Gosling took the time to thank his wife, Eva Mendes, for the insane sacrifices she’s made as a wife, a mother, and an expecting mother; as well as the enormous hardships she’s going through with her family, helping her brother through cancer.

But leave it to the insufferable cocksuckers at the Indepedent to find something deeply sinister about these comments, as if Gosling is keeping Mendes as his pregnant stationary Queen Bee, locked away at home with the drones so he can further his career as a sad-eyed leading man.

The lovely actress voiced her adoration for the moment on Instagram, subtly captioning a photo of the couple on the red carpet as “obviously not (her) favorite moment of the night.”

And finally, we have the moment everybody’s talking about, the not-so-subtly cringe speech given by a clearly-dying Meryl Streep. In possibly the worst acting job of her career, Streep decided to victimize everyone in the room at the expense of God Emperor Trump. While she never mentioned him by name, she proceeded to brazenly hijack Hugh Laurie‘s well-placed joke about “Hollywood”, “Foreign”, and “Press” being dirty words right now, claim that celebrities and superstars were the real victims of the Trump Administration (that hasn’t yet started), passionately condescend to the vast majority of American sports-fans, patronizingly highlight the importance of Movies and Television over all other arts, and reignite the flames of intellectual dishonesty over the 2015 supposed mocking of a New York Times reporter’s tiny T-Rex arm.

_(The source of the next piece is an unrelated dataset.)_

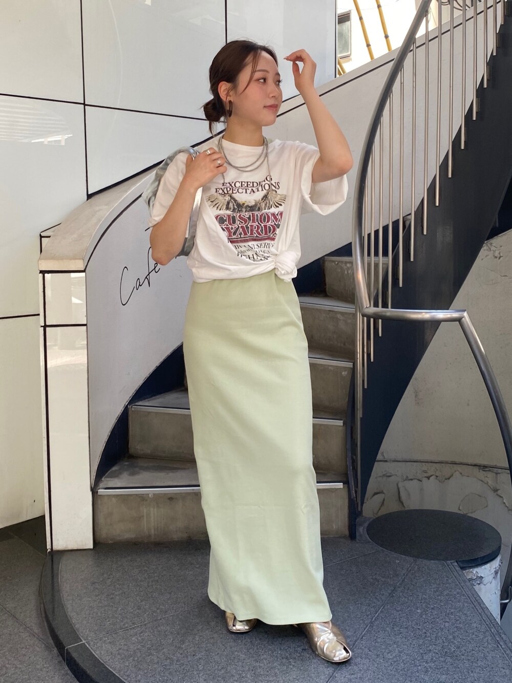 佐々木悠(Ungrid)のワンピース「オーガビッツアメスリテレコフィットワンピース」を使ったコーディネート

When she angrily refuted a claim made by no-one ever that mixed martial arts is not part of “the arts”; when she asserted that an award-winning writer for one of America’s most powerful editorial rags “lacks the capacity to fight back” as if he’s mentally retarded, Streep cemented her place as an out-of-it old woman, desperately clinging to over a year worth of insufficient celebrity scare-tactics while Mel Gibson and Vince Vaughn looked on–as we all did–with eyes rolling back in their skulls.


Could it be? A Hamilton Inauguration?

[via Blind Gossip] While the media rushes to suggest that no self-respecting performer, marching band, or choir would dare throw their hat in the ring to light up the stage or parade at the Inauguration of Donald Trump, we’re slowly learning that this is not true.

It has been discovered that the producer of a popular theatrical show is currently in negotiations for the entire cast to perform several of their prominent songs at the inauguration. There are still several details to be ironed out, but it seems like this is going to happen; which is interesting, considering the fact that the show’s producer displayed nothing but animosity toward Trump and his entire campaign.

We also found out this week that America’s Got Talent runner-up Jackie Evancho is set to perform, despite warnings from the left and her transgender sister that this administration hates the LGBTQ community. So, either Jackie Evancho doesn’t give a fuck about LGBTQ people, or she’s smart enough–even at 16–to realize that the claim is ridiculous.

Or maybe she just enjoys the prestigious opportunity to be asked to perform for a President again.

I’m excited to find out which cast will be performing for the Inauguration. Not that Hamilton is anything spectacular, but being able to see some of it performed without paying thousands of dollars seems like a win to me.